Here is an article I wrote for The Spokesman-Review on the Guatemala trip, specifically about the oral surgeons and those from Spokane who contributed to the trip prior to departure: Oral surgeons, staff, bring smiles to Guatemalan children
Randy’s cries echoed through the pediatric center of the Guatemalan hospital.
The government-funded hospital is mostly outdoors, featuring cracked tiles and an abundance of dust. Randy’s mother carried him up the ramp toward the operating rooms.
The 10-month-old boy from Zacapa, Guatemala, has a cleft lip and palate. He screams and flails as his mother passes him off to a nurse who will ready him for surgery. Minutes later, Randy is lying on a hospital bed inside the operating room with his eyes shut. The sharp and monotonous sound of the heart rate monitor is drowned out by Irish music playing from a portable iHome.

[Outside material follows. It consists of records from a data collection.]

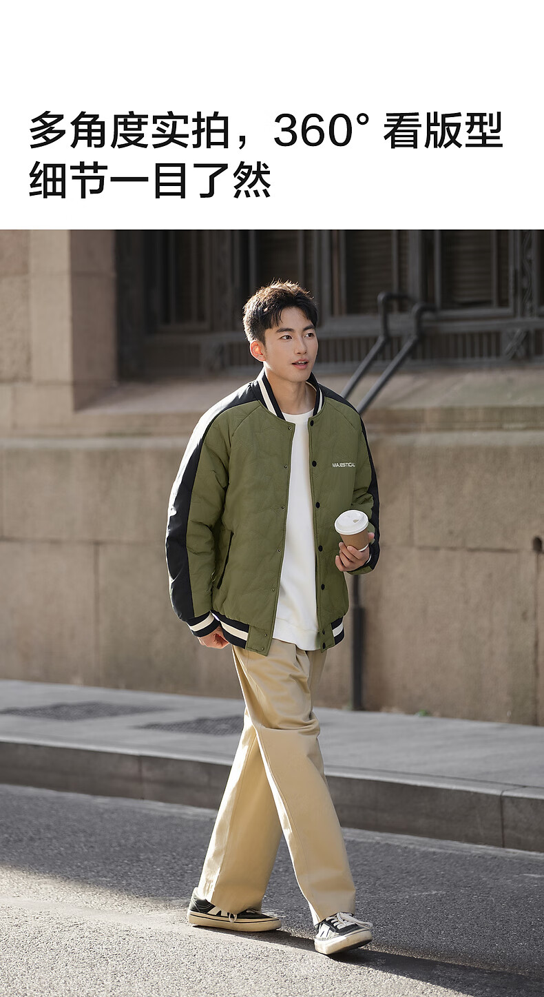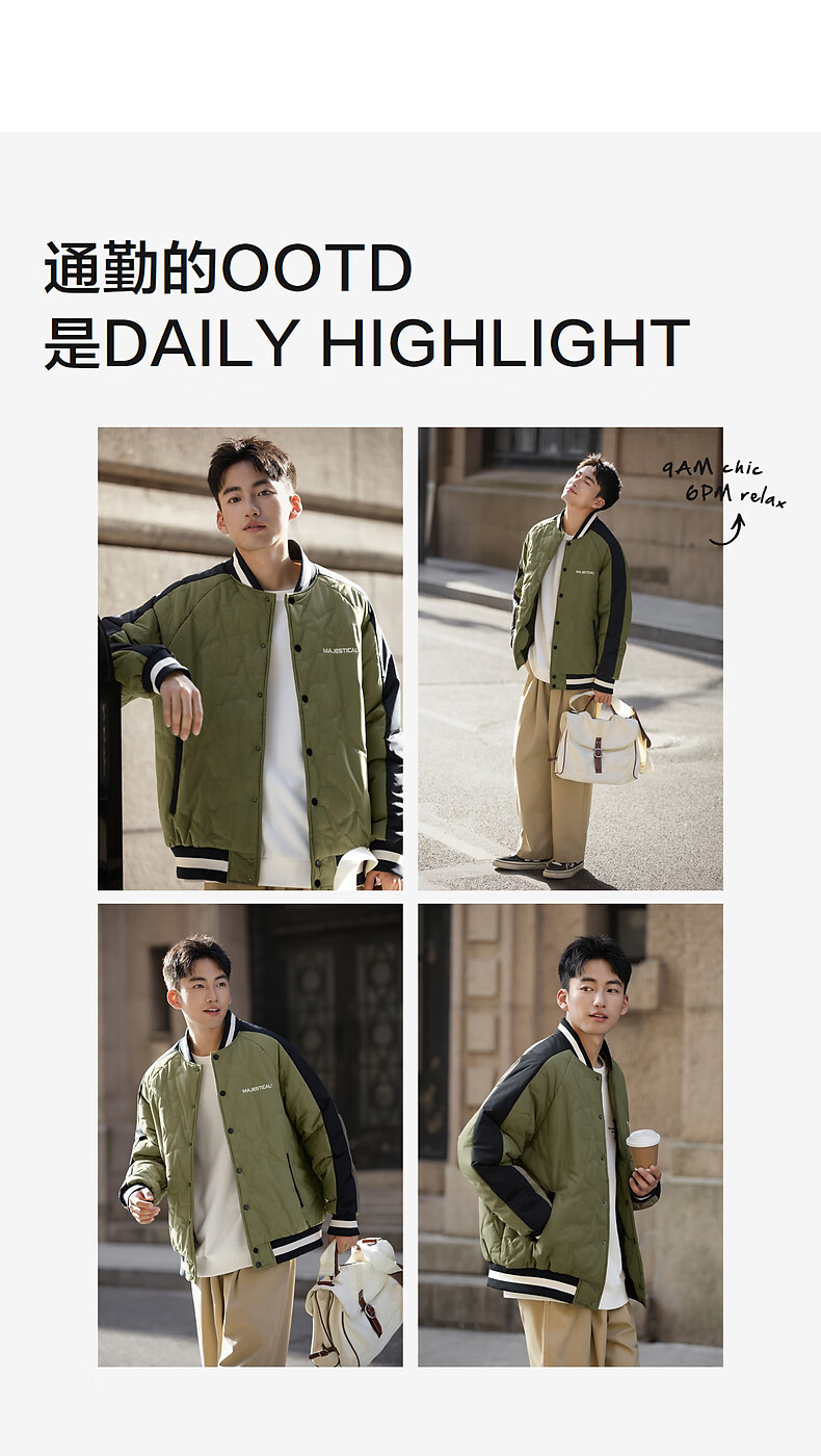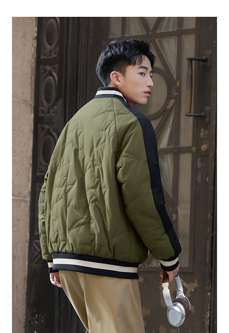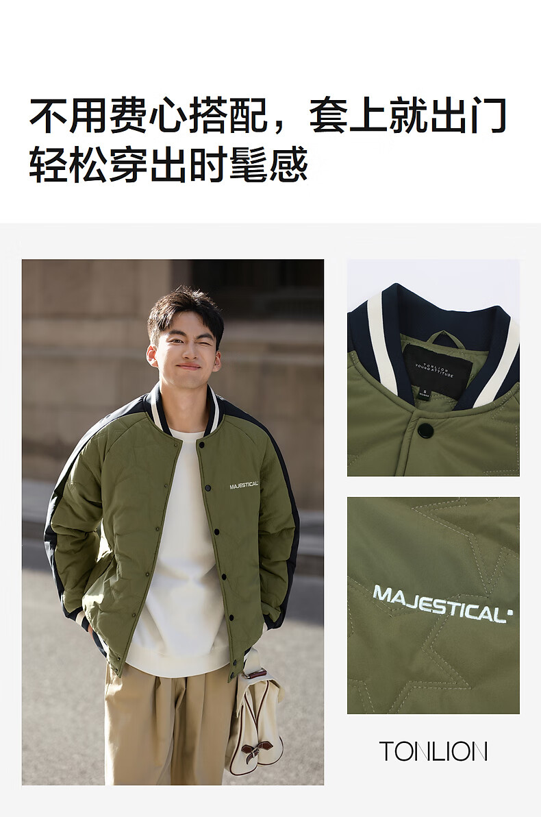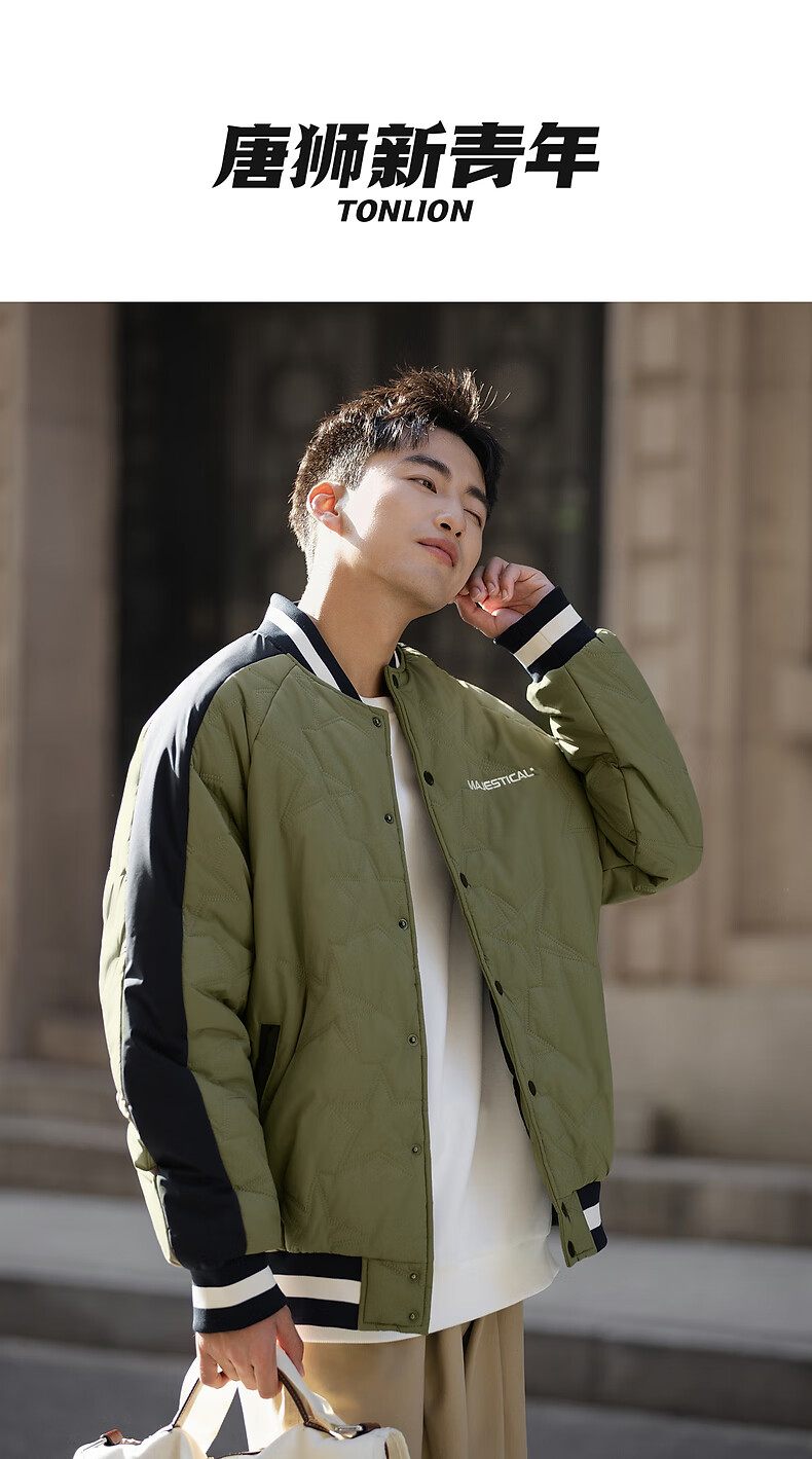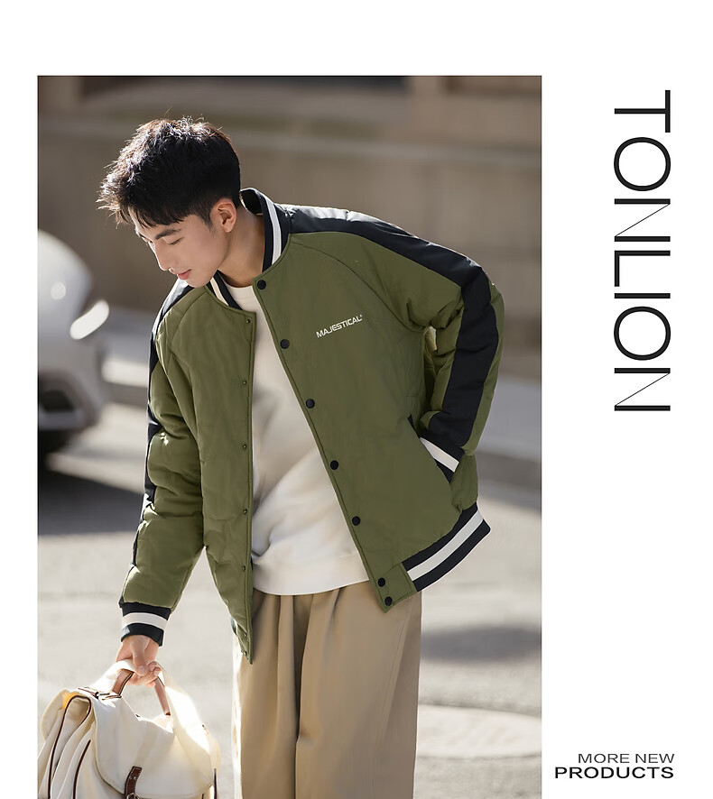 TonLion 2025 winter men's baseball collar cotton padded jacket with text on left chest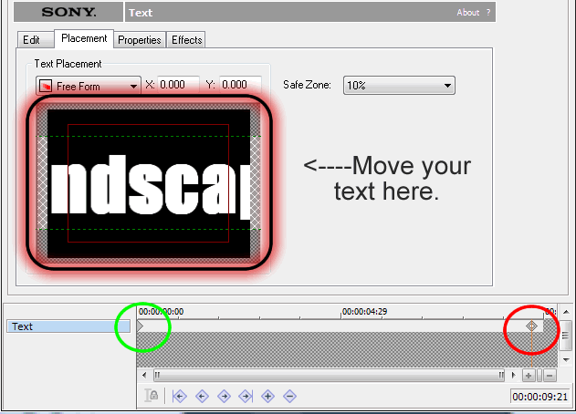 While the first keyframe is selected (the one in green) move your text offscreen to one side. Then double-click at the end of your timeline (where red is circled) and you will have created another keyframe. Drag the text offscreen to the other side.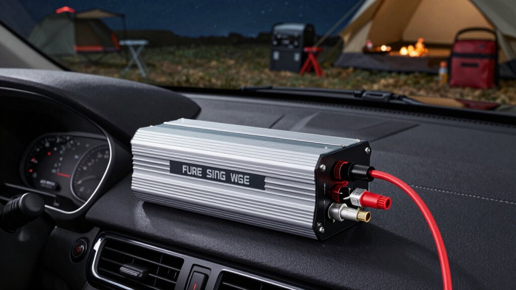 Setting up a pure sine wave inverter for car camping guarantees you can power sensitive electronics reliably and safely. The first step is choosing the right inverter, which hinges on careful inverter selection. You need to match the inverter’s power rating to your anticipated energy demands, guaranteeing it can handle the total wattage of all devices you plan to run simultaneously. Avoid underestimating your needs, as an undersized inverter can cause overloads or shutdowns, disrupting your camping experience. Look for an inverter with a continuous power output slightly above your maximum load to provide a buffer. Also, check for features like overload protection, thermal shutdown, and low-voltage cutoff—these safety measures prevent damage to both your inverter and your devices.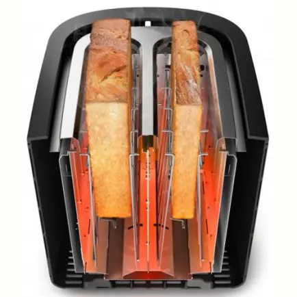 Механізм автоцентрування ідеально розташовує кожну скибочку посередині для рівномірного підсмажування, незалежно від товщини хліба.

Poised above Randy is oral surgeon Mark Paxton, of Spokane Valley, who will be performing Randy’s surgery. Paxton is a volunteer surgeon who has been doing cleft lip and palate surgeries in Guatemala with Hearts in Motion, a nonprofit based out of Indiana, for the past 20 years.
“I enjoy doing cleft lip and palate surgery because it’s one of the most rewarding types of surgery that I do,” Paxton said. “Fixing cleft lip and palate allows individuals to drink and eat normally, talk normally and look normal. It can make a huge change in someone’s life.” [Read More...]

It's really nice to see all these kind-hearted doctors that go to some of the most impoverished parts of the world to help those who need them the most. You can't help but feel proud that there are people willing to give help to other people in their own special way. In this case, the gift of a smile that can never be replaced.
Posted by: Ryder Mulford | 08/02/2011 at 06:02 AM
What I love about dentists, doctors, and teachers is that they can offer help by rendering services to those in need. Children in Guatemala will surely have a life-changing experience with the services offered by this medical team.